→ Aim of the exercise
The whole listing needs to be written out exactly, except for any images.

→ Data provided
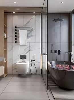 Choose glass doors, slip-resistant flooring, grab bars, rainfall showerheads, custom tiles, or built-in shelves.
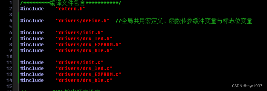 1、在工程初始头文件extern.c中定义全局都需使用的宏与变量。如用于函数传参的全局变量,又如:#define true 1 的值定义,引脚定义之类的各个功能都可能会使用到的宏定义。当然,也可以单独定义一个头文件写这些内容。
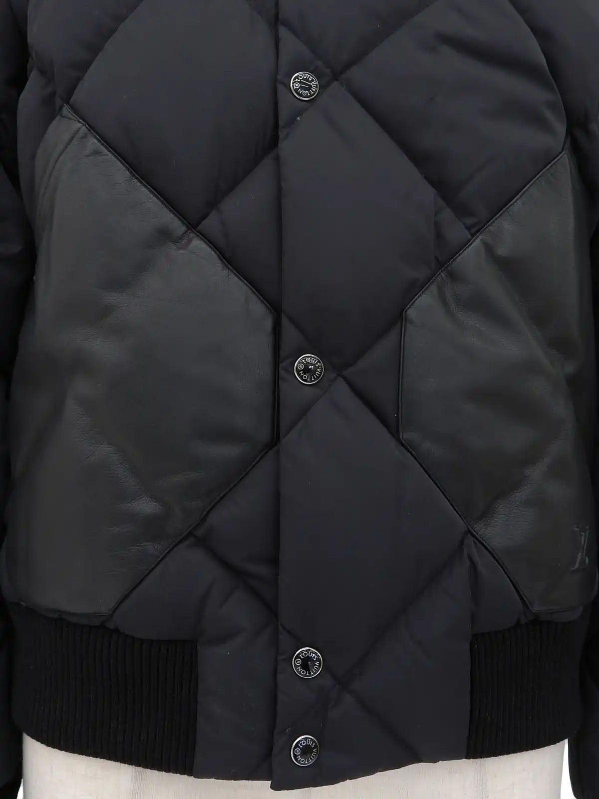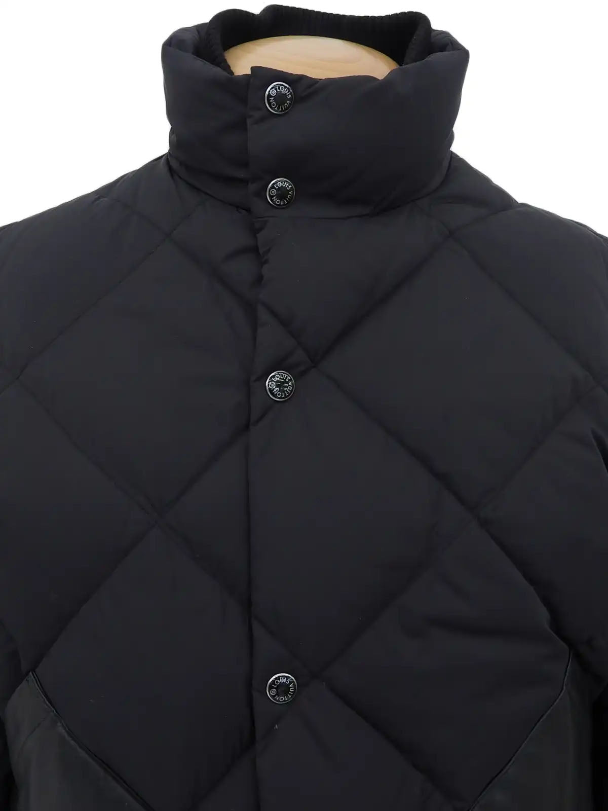 ナイロンレザーコンビロゴボタン2wayダウンジャケット ブラック

→ Answer section
 Choose glass doors, slip-resistant flooring, grab bars, rainfall showerheads, custom tiles, or built-in shelves.
 1、在工程初始头文件extern.c中定义全局都需使用的宏与变量。如用于函数传参的全局变量,又如:#define true 1 的值定义,引脚定义之类的各个功能都可能会使用到的宏定义。当然,也可以单独定义一个头文件写这些内容。
 ナイロンレザーコンビロゴボタン2wayダウンジャケット ブラック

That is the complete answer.